We built a series of models using ordinary least squares linear regression to estimate the strength of the associations between the factors in our conceptual model. First, we estimated the separate associations of early-life stature and child IQ with highest formal schooling year completed (F and G in figure 1) and with adult IQ (H and I). Next, to assess mutual confounding, we assessed the extent to which the estimates for early-life stature and child IQ on the associations with adult IQ were attenuated when the other factor was entered into the model (EF and EG). We then estimated the association between schooling and adult cognition (J). To estimate the extent to which schooling attenuated the association between early-life stature, child IQ, and adult IQ, we estimated the associations between early-life stature, child IQ, and adult IQ, controlling for schooling (FJ, GJ, EFJ, and EGJ). Finally, to examine whether the associations between early-life stature and adult IQ and between child IQ and adult IQ were differentially modified by schooling, we considered interaction terms between early-life stature and schooling and between child IQ and schooling. Finally, we compared adult IQ scores across categories of child stature, child IQ, and schooling. All models were adjusted for a consistent set of early-life characteristics, including maternal schooling, height (cm), wealth (quintile [categorical]), and birth order (first, second, third, or fourth or later). Additionally, analyses for the Guatemala data were adjusted for treatment assignment in the original intervention study and for birth year given the wide age range. We considered a p value of less than 0·05 to indicate statistical significance and did not make any adjustments for multiple comparisons. We present point estimates and 95% CIs. Interaction terms were considered statistically significant at a p value of less than 0·05. We used Stata (version 15) for all analyses.
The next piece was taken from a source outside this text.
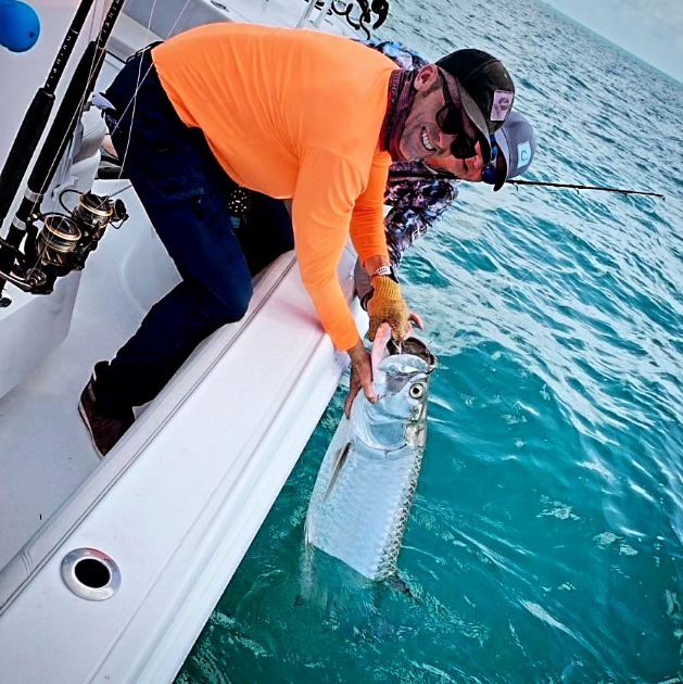 Just wrapped up another great week of islamorada tarpon fishing in May here. We had fabulous weather… it’s really stabilized for May which is nice and again the forecast still looking great in the 10-day range. Still good numbers of fish around too. We had a tournament going on last week and it was pretty busy on the water most of this week as well. Some days competing with 30+ boats down around the bridge. Though we still had good fishing overall which was great! I think we had 4-6 fish ‘technically’ landed each day this past week. A technical catch means getting them to the wind-on leader, basically the last 20 or so foot of the line. Though it was tough getting fish ‘rolled’ over which if you are wanting that glory picture is required. It really takes having the fish hooked in the proper place, having the ability to really put ample and correct pressure on the fish, and a little bit of luck to get that to happen. We are usually happy to be able to roll one fish over in a day for a good picture especially when fishing at the bridges as there is a lot that can go wrong there. But if it easy it wouldn’t be as satisfying! Anyways we had good incoming tide on our morning this past week. The bite was pretty good through that incoming, and then again on the fall in the early afternoon they rallied again. So consistent fishing through both tides. I will say after the tournament was over the fish did seem to settle down a little… we had a couple days last week where they were just acting crazy and you could tell the pressure had an effect on them… really making crazy runs through the bridge at high speed, doing figure 8s, etc… So next week should be good fishing I imagine. I did have a cancellation and could go either May 14 or 15 if someone is looking to go. June I have a few dates left as well and of course Capt. Stephen and Capt. Trent have availability as well. Those night trips are often a good bet in June as it starts to get into the heat of summer, being out in the early evening is just a nice time to be on the water and the bite often turns on near sunset.
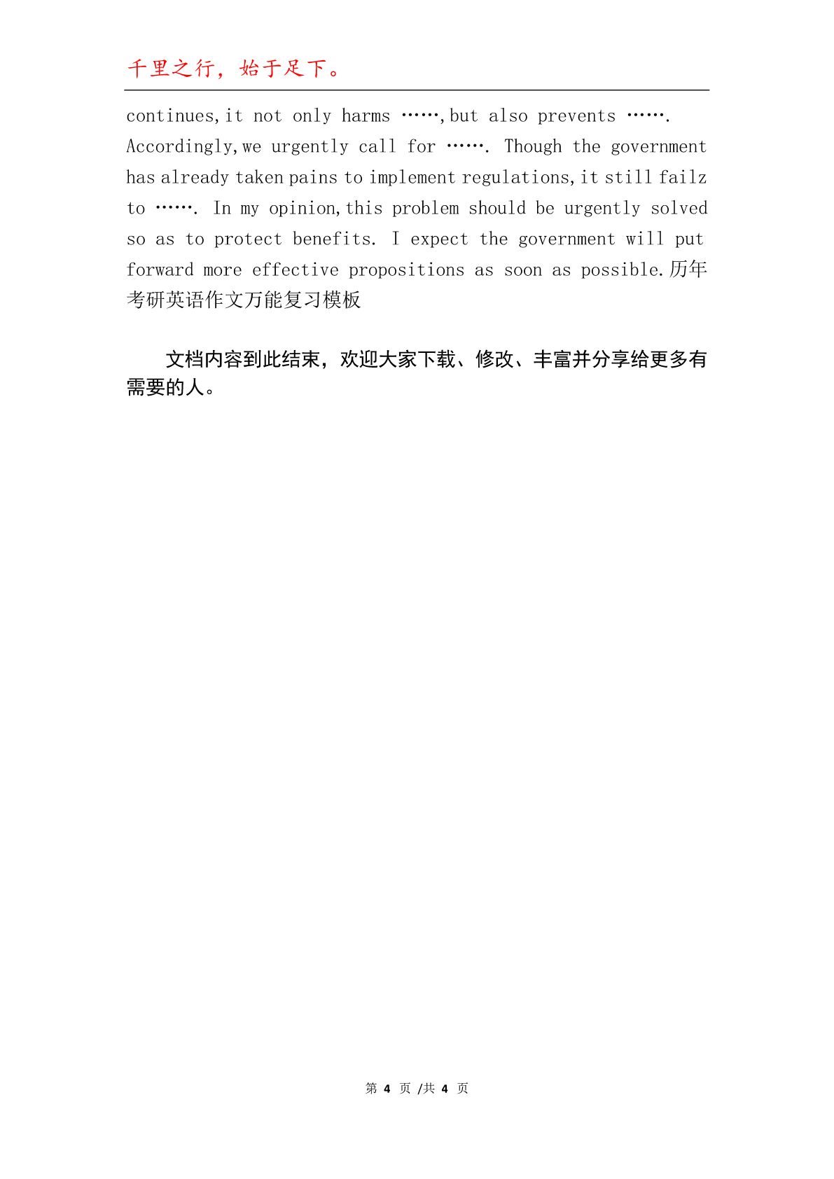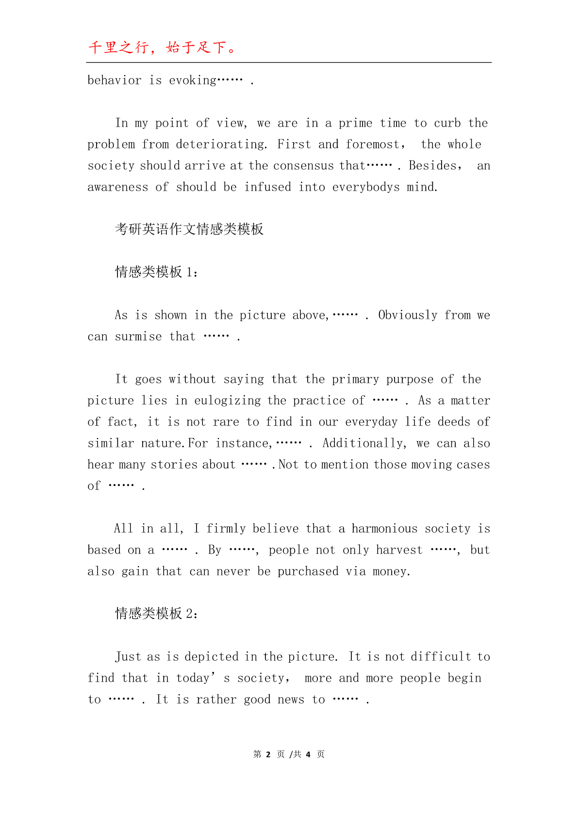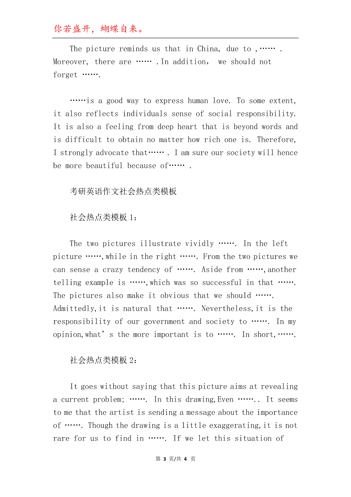 你若盛开,蝴蝶自来。 2023年历年考研英语作文万能复习模板 对历年的考研英语作文的话题进行复习,记住一些万能的话题模 板,是特别有利于考研英语的作文复习的。下面我给大家带来关于考 研英语作文万能复习模板,便利大家学习,期望会对大家的工作与学 习有所帮忙。 考研英语作文人生价值类模板 人生价值类模板1: AstheoldChinesesayinggoes,…….Itechoeswiththis pictureinwhich…….Thetitleofthepicturefurtherpoints outthat…….Thepictureismeantto…….AsfarasIam concerned,Ithink…….Thisuniversaltruthcanbe particularlyprovedinthefieldof……,where…….Abrief surveyofhistoryaboutalsodemonstratesthefundamental importanceof…….……,forexample,…….Thesameprinciple appliestocommonpeopleaswell,andIamsureeverybodycan benefitfrom……. 人生价值类模板2: Fromthepicturewecanperceivethat…….Whatastonishes thedrawingandthereadersisthat…….Itisknowntoall that……,butitseems……. Theartistutilizesthisartisticpresentationtoimplya spreadingvoguethat…….Ultimately,thetrendboilsdown to…….Accordingly,…….Toworsentheproblem,this / 千里之行,始于足下。 behaviorisevoking……. Inmypointofview,weareinaprimetimetocurbthe problemfromdeteriorating.Firstandforemost,thewhole societyshouldarriveattheconsensusthat…….Besides,an awarenessofshouldbeinfusedintoeverybodysmind. 考研英语作文情感类模板 情感类模板1: Asisshowninthepictureabove,…….Obviouslyfromwe cansurmisethat……. Itgoeswithoutsayingthattheprimarypurposeofthe pictureliesineulogizingthepracticeof…….Asamatter offact,itisnotraretofindinoureverydaylifedeedsof similarnature.Forinstance,…….Additionally,wecanalso hearmanystoriesabout…….Nottomentionthosemovingcases of……. Allinall,Ifirmlybelievethataharmonioussocietyis basedona…….By……,peoplenotonlyharvest……,but alsogainthatcanneverbepurchasedviamoney. 情感类模板2: Justasisdepictedinthepicture.Itisnotdifficultto findthatintoday’ssociety,moreandmorepeoplebegin to…….Itisrathergoodnewsto……. / 你若盛开,蝴蝶自来。 ThepictureremindsusthatinChina,dueto,……. Moreover,thereare…….Inaddition,weshouldnot forget……. ……isagoodwaytoexpresshumanlove.Tosomeextent, italsoreflectsindividualssenseofsocialresponsibility. Itisalsoafeelingfromdeepheartthatisbeyondwordsand isdifficulttoobtainnomatterhowrichoneis.Therefore, Istronglyadvocat

Role of the funding source
The funder of the study had no role in study design, data collection, data analysis, data interpretation, or writing of the report.
Results
We included 2614 individuals in the analysis (table 1). Levels of maternal and own schooling were lowest in Guatemala and highest in South Africa (table 1). Early-life stature was lowest in Guatemala and the Philippines (table 1). Correlations between early-life stature and child IQ were positive in all cohorts (in Brazil r=0·286 for males and r=0·232 females, in Guatemala r=0·247 for males and r=0·189 for females, in the Philippines r=0·249 for males and r=0·329 for females, and in South Africa r=0·102 for males and r=0·055 for females).
Table 1.
Brazil |
Guatemala |
The Philippines |
South Africa |
||||||
---|---|---|---|---|---|---|---|---|---|
Female (n=249) | Male (n=201) | Female (n=229) | Male (n=196) | Female (n=590) | Male (n=686) | Female (n=247) | Male (n=216) | ||
Maternal schooling, years | 7·2 (3·9) | 7·0 (3·9) | 1·2 (1·5) | 1·4 (1·5) | 6·6 (3·0) | 6·9 (3·3) | 9·7 (2·5) | 9·8 (2·3) | |
Maternal height, cm | 160 (7·6) | 160 (7·6) | 148 (5·4) | 148 (4·8) | 150 (5·0) | 150 (4·9) | 158 (5·6) | 158 (6·1) | |
Birth order | |||||||||
First | 60 (29·9%) | 85 (34·1%) | 37 (18·9%) | 35 (15·3%) | 152 (22·4%) | 128 (21·7%) | 83 (38·3%) | 96 (38·9%) | |
Second | 68 (33·8%) | 70 (28·1%) | 20 (10·2%) | 30 (13·1%) | 135 (19·7%) | 135 (22·9%) | 58 (26·9%) | 72 (29·2%) | |
Third | 32 (15·9%) | 52 (20·9%) | 24 (12·2%) | 31 (13·5%) | 137 (20·0%) | 110 (18·6%) | 43 (19·9%) | 42 (17·0%) | |
Fourth or later | 41 (20·4%) | 42 (16·9%) | 115 (58·7%) | 133 (58·1%) | 262 (38·2%) | 217 (36·8%) | 32 (14·8%) | 37 (15·0%) | |
Early-life stature, HAZ | −0·17 (1·26) | −0·24 (1·48) | −2·94 (1·12) | −3·02 (1·16) | −2·42 (1·13) | −2·47 (1·12) | −1·12 (0·99) | −1·37 (1·04) | |
Child IQ | 102·7 (15·9) | 99·7 (15·6) | 102·4 (12·5) | 104·0 (14·4) | 100·0 (14·6) | 98·3 (14·8) | 98·5 (12·6) | 99·9 (15·2) | |
Age at adult assessment, years | 18 | 18 | 47·4 (2·09) | 47·4 (1·90) | 34·4 (0·51) | 34·4 (0·52) | 28·5 (0·37) | 28·4 (0·35) | |
Schooling, years | 10·4 (2·2) | 9·3 (2·6) | 4·8 (3·9) | 5·8 (3·8) | 10·7 (2·6) | 9·8 (3·0) | 12·0 (1·2) | 11·6 (1·4) | |
Adult IQ | 101·9 (14·7) | 100·9 (16·3) | 97·9 (14·3) | 104·8 (15·1) | 99·7 (15·2) | 100·2 (14·8) | 99·4 (15·1) | 102·8 (13·0) |
Data are mean (SD) or n (%). Early-life stature was measured at age 2 years in all cohorts except in Pelotas (1 year). Child IQ was measured at age 3–7 years (Guatemala), 4 years (Brazil and South Africa), and 8·5 years (the Philippines). Age at assessment in Brazil recorded in integer years and all were 18 years old. HAZ=height-for-age Z score.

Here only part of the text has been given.